Need advice from somebody who is well versed in graduate school acceptance. ?
I am currently an undergraduate student with a major in Biology with an emphasis in Biomedical Science. Genetics has been a passion of mine for years, and I'm desperate for a future career in this field. Biology, Anatomy/Physiology, and the like are all classes I have succeeded in. Intro level Chemistry courses on the other hand, I have had very sore luck with.
To be short, I had to take Gen. Chem twice before I passed. The first time I took Gen. Chem II I was also working full-time at a nursing facility that was overall a bad work environment that added a lot of stress. My studying habits and grades suffered miserably. I made a huge mistake and was caught cheating on an exam in a mindless, desperate attempt to not fail. This lead me to failing the course due to academic dishonesty. I have made amends with this professor, and am trying to move on from that mistake.

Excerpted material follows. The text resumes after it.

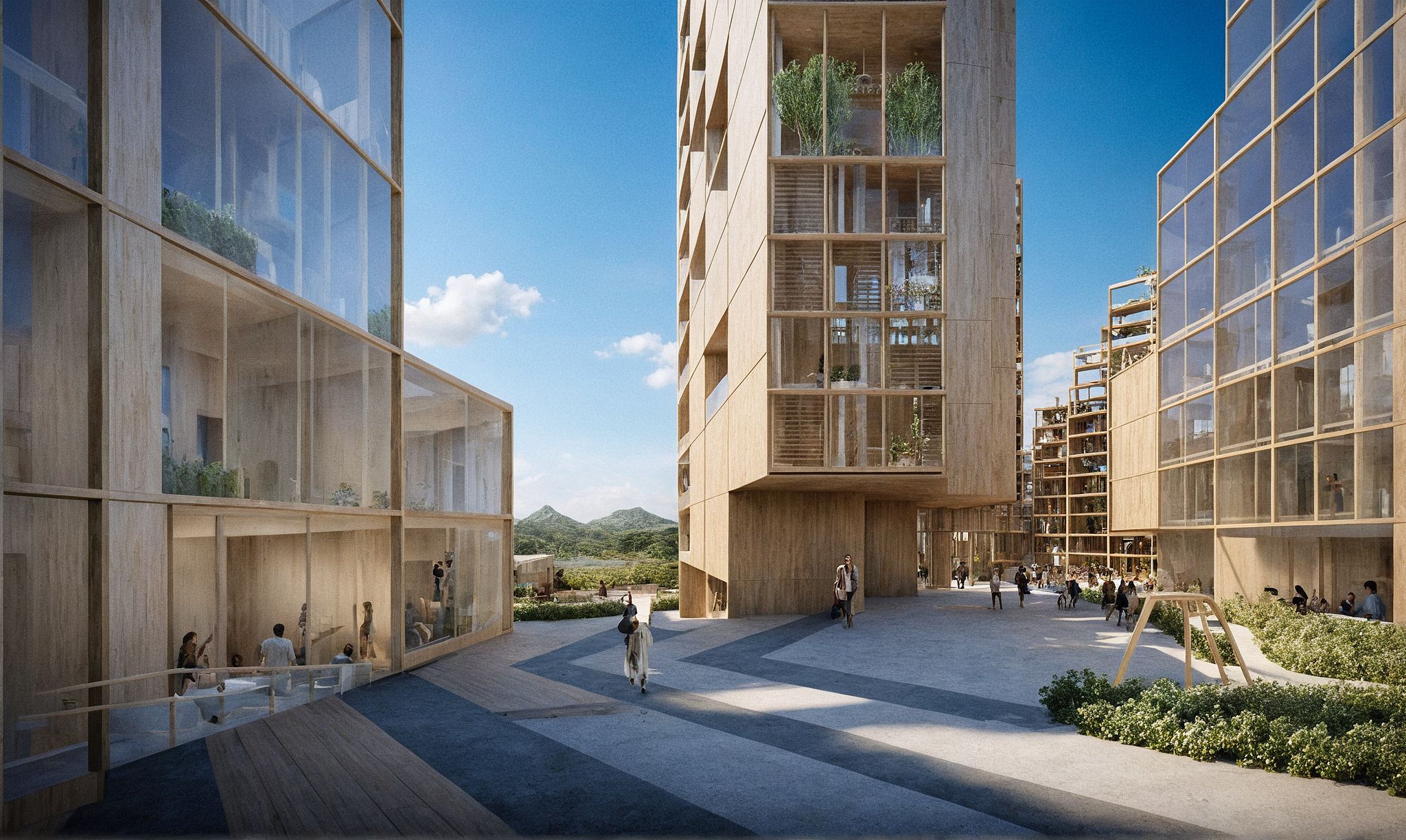 PromptA modular residential complex organized around a large central courtyard. The architecture is defined by a structural grid of exposed timber beams and columns, with transparent glass walls and open balconies. Multiple levels of walkways, terraces, and staircases create visual permeability and social interaction. The courtyard is filled with greenery, communal furniture, and people gathering, working, and socializing, evoking a sense of community and openness. The design emphasizes sustainable materials, biophilic principles, and human-centered living. Photorealistic render, natural daylight, high detail, architectural visualization style.

I retook Gen. Chem II over the summer and passed. I am now taking O. Chem I, and will be taking O. Chem II in the spring. Poor scores for all, with a C average all around.
I love Biology, and the thought of not working with genetics is heartbreaking. I would love to move onto getting my PhD so I can do these things I love! Is graduate school a far fetch?
If it came down to it, there are other majors/careers I would be happy in, such as Speech Pathology. But I feel as if I would have "What If" stuck at the back of my mind for the rest of my life. I guess I just want to know if anybody has any advice.
- Sam SpayedLv 73 weeks ago
1. Graduate school is a "far fetch" for anyone.
2. You will need a cumulative GPA of 3.0 or higher to be admitted to any graduate school for biology. Your last two semesters are more important than your first two, and you should be acing most of your biology classes.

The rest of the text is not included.